«Родного неба милый свет...» - [5]

Шрифт
Интервал

А потом — годы прошли — жизнь перевернулась: не удалось ему миновать Петербурга. «Я не могу положить пера, не изъяснив вам общее наше с Тургеневым давнишнее желание: переселить вас сюды. Ныне Петербург стал единственно приличным для вас местопребыванием», — писал Жуковскому в деревню в 1813 году Сергей Уваров, который был в то время попечителем Петербургского учебного округа и настойчиво вызывался подыскать для Жуковского «хорошую» службу в столице.

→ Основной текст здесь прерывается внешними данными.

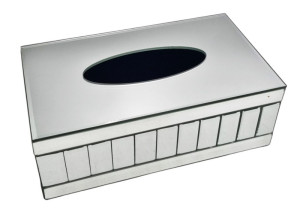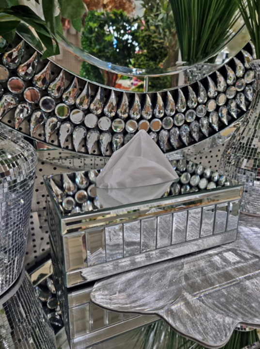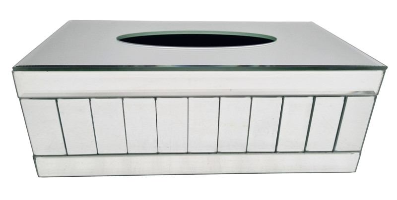 Elegancki lustrzany chustecznik / dekoracyjne pudełko na chusteczki. Dno pojemnika jest plastikowe, a otwór w kształcie owalu.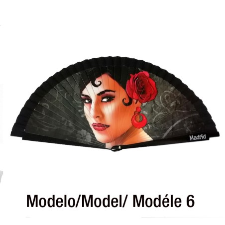 Sevillana avec un éventail de taille mini, en céramique de la marque Creaciones Nadal, en trois couleurs : blanc, rouge et noir. Il est envoyé dans une boîte hermétiquement fermée et protégée, avec son certificat d'authenticité.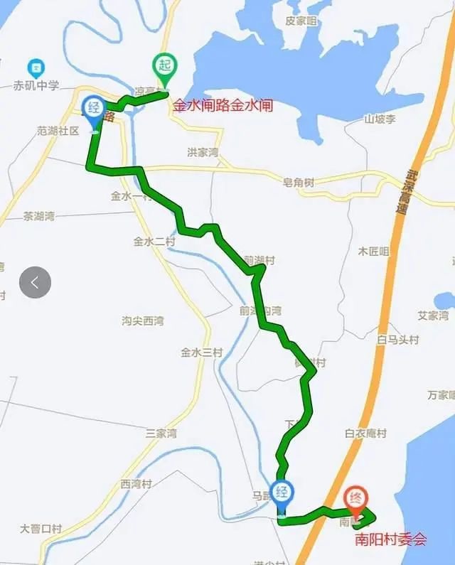 停靠站点:金水闸路金水闸、金水闸路金亭路、金康北路民主巷、金康南路金水学校、金水一村、何家湾、金水子弟学校、长安垅、侯家湾、彭家老屋、铁锦村委会郭家新屋、贺岭小学、前湖村委会、上吴刘、谭家咀湾、马蹄口村委会、洪家老屋、祖堂岭湾、南阳村委会。(沿途设置站点19个)

Негоже, думали друзья, прославленному певцу 1812 года, самому читаемому поэту России, пропадать в глуши.

Вышло так, что желание Уварова и Тургенева исполнилось.

«Одним словом, вот я в Петербурге, — писал Жуковский Авдотье Петровне Киреевской, — с совершенным, беззаботным невниманием к будущему. Не хочу об нем думать. Для меня в жизни есть только прошедшее и одна настоящая минута, которою пользоваться для добра, если можно — зажигать свой фонарь, не заботясь о тех, которые удастся зажечь после… Оглянешься назад и увидишь светлую дорогу. Но что же вам сказать о моей петербургской жизни? Она была бы весьма интересна не для меня! Много обольстительного для самолюбия, но мое самолюбие разочаровано — не скажу опытом, но тою привязанностью, которая ничему другому не дает места».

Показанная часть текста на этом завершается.